Exercise to get rid of love handles
AN unsightly muffin top sitting on the torso is every woman’s nightmare. Not only is it unpleasant to look at, but it can also cause some discomfort. Not to worry though, if you are desperate to get rid of your love handles, Gisel Harrow, fitness expert and personal trainer at Hard End Fitness Factory, said it’s possible with the right combination of proper nutrition and exercise.
“Love handles are stubborn layers of fat positioned on top of the obliques (abdominal muscles) that cause the unsightly folds on our sides, but thankfully you can get rid of them,” Harrow said.
She underscored that a combination of proper nutrition and exercise are essential since love handles are a specific group of abdominal muscles that stubbornly shed fat. Harrow said that in order to really work your obliques, you have to target them precisely, as working the muscles alone will not give you the desired results.
“You might have heard the frequently used term ‘abs are made in the kitchen’, because it’s the truth. You can do all the ab exercises that exist, but unless you get rid of your excess fat through healthy eating, your toned abs will never be seen.”
Below, Harrow reveals her expert guide to losing and keeping off those love handles:
1. Nutrition: Always eat balanced meals that are clean and lean (lean proteins, minimal carbs and fats).
2. Cardio: Do at least 30-45 minutes cardio every other day or four to five times per week.
3. Oblique exercises: Do oblique exercises three or four times weekly to help tighten and tone the oblique muscles.

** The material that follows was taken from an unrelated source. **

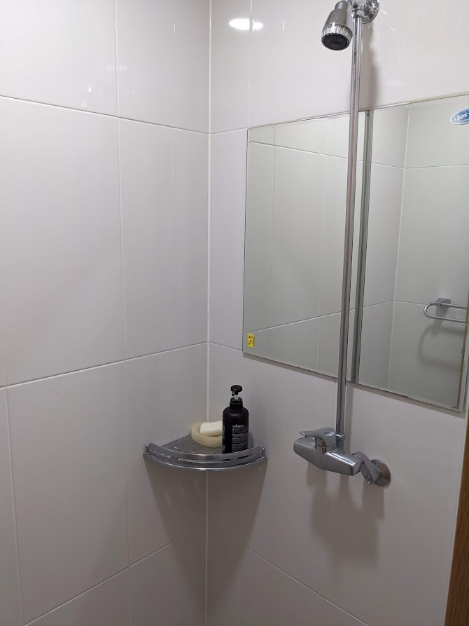 화장실과 샤워실의 모습. 깨끗하지만 굉장히 좁고 샤워기는 훈련소 샤워장처럼 고정되있는 형태라 좀 별로였다. 만약 숙소 내 화장실이 마음에 들지 않는다면 바깥에 있는 공중화장실을 사용해도 된다. 거긴 무려 비데까지 있음.

Some exercises that are guaranteed to give results, once used in combination with the other noted requirements, include:
1. Russian twists
Sit on your butt with your knees bent and feet flat on the ground. Your torso should be leaning back at a 45-degree angle to the floor. Holding a dumbbell with both hands or elbows up in front of your body, lift your feet from the ground, crossing them at the ankles and balancing on your butt. From this position, twist your torso to the right and touch your dumbbell or elbows to the ground next to your body. Next, twist back over to the left, touching to the left side of your body. Repeat back and forth, all while balancing legs off the ground. Do three sets of 15 repetitions on each side.
2. Side plank hip lifts
Get into side plank position with your elbow on the ground and your legs and hips resting on the ground. Engaging your abs and keeping your body in a straight line, raise the lower half of your body up off the ground in a straight plank position. Lower again and repeat. Repeat this 15 times on your right side, and then 15 on your left side.
3. Bicycle crunches
Lie on your back with your knees bent and your hands behind your head. Do not clasp your hands together. Engage your abs, lifting your shoulders and upper back off of the ground. Simultaneously move your right elbow toward your left knee so that they meet in the middle of your body. Next, switch your position by bringing your left elbow to your right knee. Continue as quickly as possible while still keeping your torso raised up off the ground. Do three sets of 15 repetitions on each side.